_Your instructions_
All lines in the records below from the line with "A KSH Könyvtár" through the line with "thanks to nature®" are to be given again exactly, both ends included; the pictures are to be left out.

_Data in this exercise_
━━━━

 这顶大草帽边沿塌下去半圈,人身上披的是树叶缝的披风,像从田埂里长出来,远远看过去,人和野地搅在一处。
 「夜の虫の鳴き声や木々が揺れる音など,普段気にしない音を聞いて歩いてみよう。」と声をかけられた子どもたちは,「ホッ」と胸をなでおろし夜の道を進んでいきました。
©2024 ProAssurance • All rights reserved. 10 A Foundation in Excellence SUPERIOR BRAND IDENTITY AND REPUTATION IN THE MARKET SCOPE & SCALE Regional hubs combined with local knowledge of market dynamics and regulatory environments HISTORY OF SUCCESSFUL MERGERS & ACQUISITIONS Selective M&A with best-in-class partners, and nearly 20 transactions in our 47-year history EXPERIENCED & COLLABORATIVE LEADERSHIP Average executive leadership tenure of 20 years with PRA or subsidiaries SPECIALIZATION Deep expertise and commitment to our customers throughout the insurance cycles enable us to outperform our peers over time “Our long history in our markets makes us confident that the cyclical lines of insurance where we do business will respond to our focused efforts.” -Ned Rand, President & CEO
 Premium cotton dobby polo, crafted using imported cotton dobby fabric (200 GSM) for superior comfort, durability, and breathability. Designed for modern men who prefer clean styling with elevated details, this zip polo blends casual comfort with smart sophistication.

━━━━

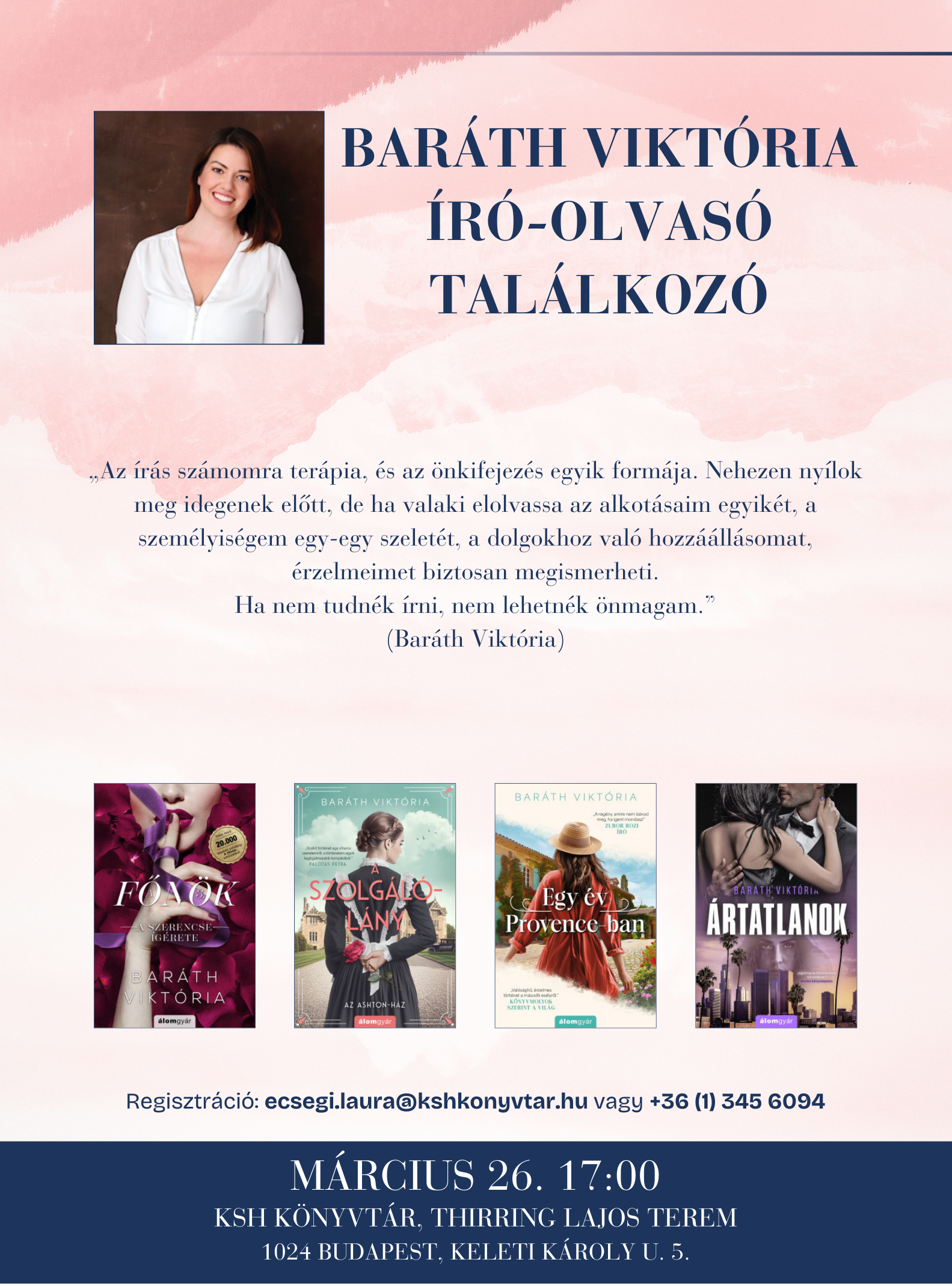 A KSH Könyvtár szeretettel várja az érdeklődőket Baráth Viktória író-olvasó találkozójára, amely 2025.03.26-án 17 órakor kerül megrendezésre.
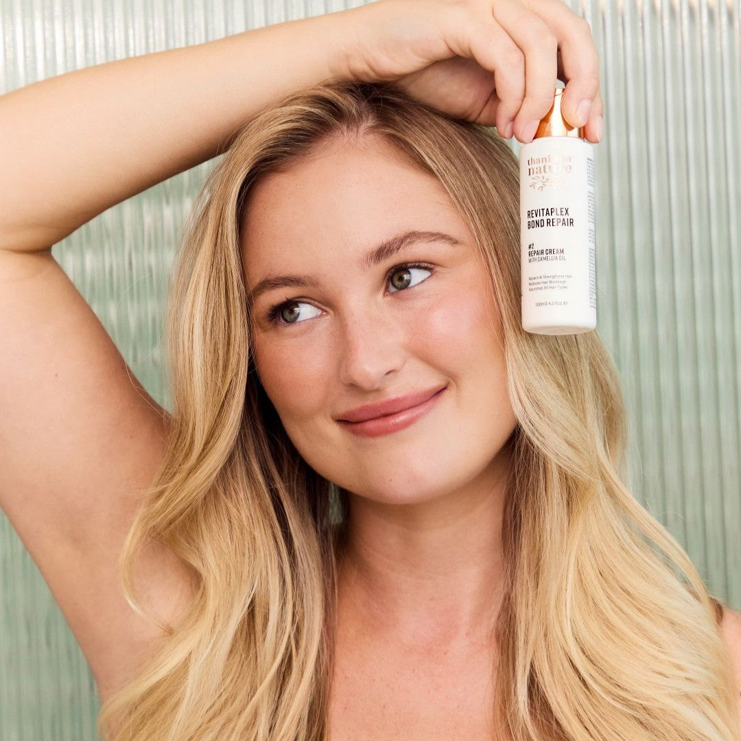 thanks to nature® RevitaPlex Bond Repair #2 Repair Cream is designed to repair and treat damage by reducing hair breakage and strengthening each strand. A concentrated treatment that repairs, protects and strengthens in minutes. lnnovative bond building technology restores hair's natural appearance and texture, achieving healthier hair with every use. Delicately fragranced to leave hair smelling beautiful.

━━━━

_Response to this exercise_
 A KSH Könyvtár szeretettel várja az érdeklődőket Baráth Viktória író-olvasó találkozójára, amely 2025.03.26-án 17 órakor kerül megrendezésre.
 thanks to nature® RevitaPlex Bond Repair #2 Repair Cream is designed to repair and treat damage by reducing hair breakage and strengthening each strand. A concentrated treatment that repairs, protects and strengthens in minutes. lnnovative bond building technology restores hair's natural appearance and texture, achieving healthier hair with every use. Delicately fragranced to leave hair smelling beautiful.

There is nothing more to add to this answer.